Tips to speed up Python

Hang on, don’t optimise too early

  • Trade-offs e.g. complexity, speed, memory, disk, readability, time, effort, etc.

    • Check that code is correct (tested, documented).

    • Is optimisation needed?

    • If yes, optimise code and data.

    • If more needed, parallelise.

Plot idea from Dask-ML.

_images/tips_to_speed_up_python_3_0.png

How fast is it?

  • Profiling (i.e. find the bottlenecks)

    • Speed

      • IPython magic (Jupyter Lab)

        • Line: %timeit

        • Cell: %%timeit

        • If pip install line_profiler:

          • First load module: %load_ext line_profiler

          • Scripts: %prun

          • Line-by-line: %lprun

            • @profile decorator around the function

    • Memory

      • If pip install memory_profiler:

      • First load module:

        • %load_ext memory_profiler

        • Line: %memit

        • Cell: %%memit

        • Line-by-line: %mprun

  • Profile parallel code

How fast could it go?

  • Time-space complexity

    • Big O notation where O is the order of operations, O(…).
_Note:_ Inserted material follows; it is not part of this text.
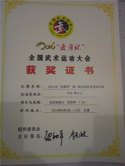 9月9日至11日,2016年“宏舜杯”第二届全国武术运动大会在天津市举行,我校教师于东代表陕西省武术队参赛并取得了优异成绩,荣获“武术段位制项目展示优秀奖”。

    • Ignores constants and takes the largest order, so O(2n2 + 3n) would be O(n2).

    • Important for large number of elements, N.

    • Typical case.

    • Constant time means per machine operation.

Plot idea from Big O Cheat Sheet

_images/tips_to_speed_up_python_6_0.png

Potential improvements

Append to lists, rather than concatenating

  • Lists are allocated twice the memory required, so appending fills this up in O(1) (long-term average), while concatenating creates a new list each time in O(n).

%%timeit
my_list = []
for num in range(1_000):
    my_list += [num] # time O(n)
46.5 µs ± 76.3 ns per loop (mean ± std. dev. of 7 runs, 10000 loops each)
%%timeit
my_list = []
for num in range(1_000):
    my_list.append(num) # time O(1)
35.6 µs ± 130 ns per loop (mean ± std. dev. of 7 runs, 10000 loops each)

Move loop-invariants outside loops

%%timeit
for num in range(1_000_000):
    constant = 500_000
    bigger_num = max(num, constant)
124 ms ± 462 µs per loop (mean ± std. dev. of 7 runs, 10 loops each)
%%timeit
constant = 500_000
for num in range(1_000_000):
    bigger_num = max(num, constant)
115 ms ± 196 µs per loop (mean ± std. dev. of 7 runs, 10 loops each)

Use built-in functions

  • Optimised in C (statically typed and compiled).

nums = [num for num in range(1_000_000)]
%%timeit
count = 0
for num in nums: # time O(n)
    count += 1
23.8 ms ± 920 µs per loop (mean ± std. dev. of 7 runs, 10 loops each)
%timeit len(nums) # time O(1)
42.7 ns ± 2.1 ns per loop (mean ± std. dev. of 7 runs, 10000000 loops each)

Use optimal data types

Example from Luciano Ramalho, Fluent Python, Clear, Concise, and Effective Programming, 2015. O’Reilly Media, Inc.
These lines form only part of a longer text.